The main method of ethnography is known as participant observation, and it is very distinctive as a method. The advantage of chapter 4 is that it discusses what one actually does in the field – which so many textbooks fail to consider. Key elements of participant observation explored here are gaining access, taking time, learning the language, participation and observation, and taking notes. We also address field relations, reflexivity, the notion of ethnography as embodied practice, the building of trust and rapport, and the use of gatekeepers. The chapter concludes with a discussion of the dialectic relationship between participating and observing.
Ethnographers conduct interviews as well as participating and observing. Interviews can take the shape of opportunistic chats, questions that arise on the spur of the moment, one-to-one in-depth interviews, group interviews and all sorts of ways of asking questions and learning about people that fall in between. It is therefore quite difficult to prescribe how an ethnographer should do an interview. Nevertheless, there are some quite distinctive features of an ethnographic approach to interviewing, so chapter 5 deals with that first, before going on to explore the different types of interview available to an ethnographer, including oral-history interviews, autoethnographic accounts and group interviews. Ethnographic interviews are shown to be collaborative rather than interrogative, guided rather than structured, flexible, and usually informal.

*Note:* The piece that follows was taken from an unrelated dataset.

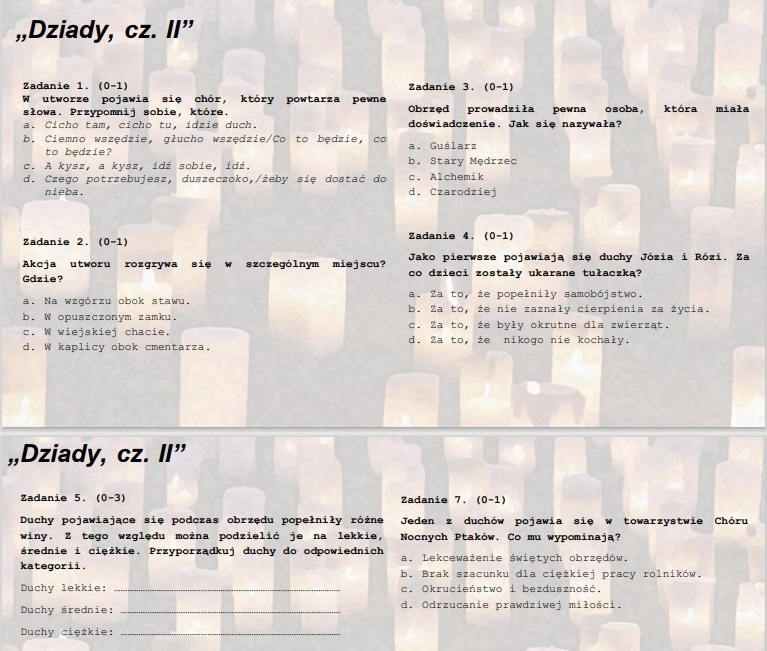 Test wprowadzający z treści lektury "Dziady, cz. II"
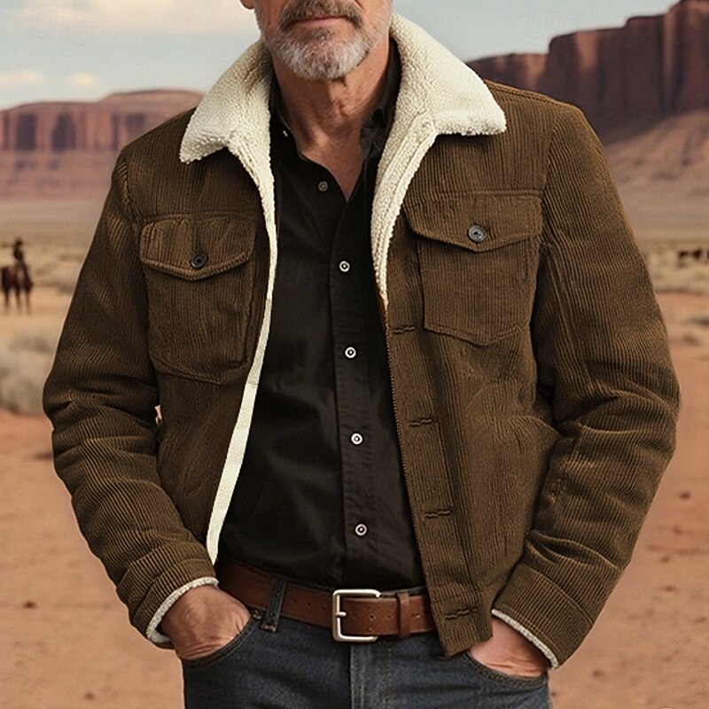Men's Winter Jacket Corduroy Jacket Fleece Jacket Cargo Jacket Vacation Daily Thermal Warm Pocket Fleece Winter Plain Fashion Streetwear Lapel Regular Black Brown Coffee Jacket 1

Although I prefer not to be too prescriptive about interview styles and techniques, chapter 6 offers some practical guidelines for interviewing, addressing questions such as: how do I get someone to agree to an interview? What is an interview guide? What do I do if they wander off the point? Should I transcribe? How do I test for validity? It includes an example of an interview topic guide, and lots of illustrations of interviewing practice.
chapter 7 explores some of the ways ethnography is responding to changes in the world around us as well as to theoretical, conceptual and thematic developments in the disciplines that guide our work. The chapter therefore introduces advancements in visual, mobile, multi-sited, global and virtual ethnography.
Ethnographic research is iterative-inductive. This is a practice of doing research, informed by a sophisticated inductivism, in which data collection, analysis and writing are not discrete phases, but inextricably linked. Nevertheless, we do reach a point where we move more towards analysis and representation and leave data collection to one side (if only for the moment). chapter 8 deals with this final phase. It explores the spiral model for ethnographic analysis; using computer software; sorting, classifying and describing; the role of concepts and theories; and how to analyse the interaction of structure and agency. It concludes with an in-depth description of the methodology and techniques of grounded theory.
Since the reflexive turn of the 1980s, the production of ethnographic texts has come under careful scrutiny. Ethnographers must now think critically and reflexively about writing and about the contexts of research and writing. chapter 9 thus explores modernist (traditional), post-modern and post-post-modern (or subtle realist) writing styles and their attempts to construct, or to think critically about the construction of, authoritative texts. Through the use of the arguments outlined in the Key ideas, it makes the case for a subtle realist approach to representation informed by the philosophical approaches discussed in chapter 2. The chapter concludes with some reflection on the validity of ethnographic accounts and on the relevance of ethnography beyond the specific case.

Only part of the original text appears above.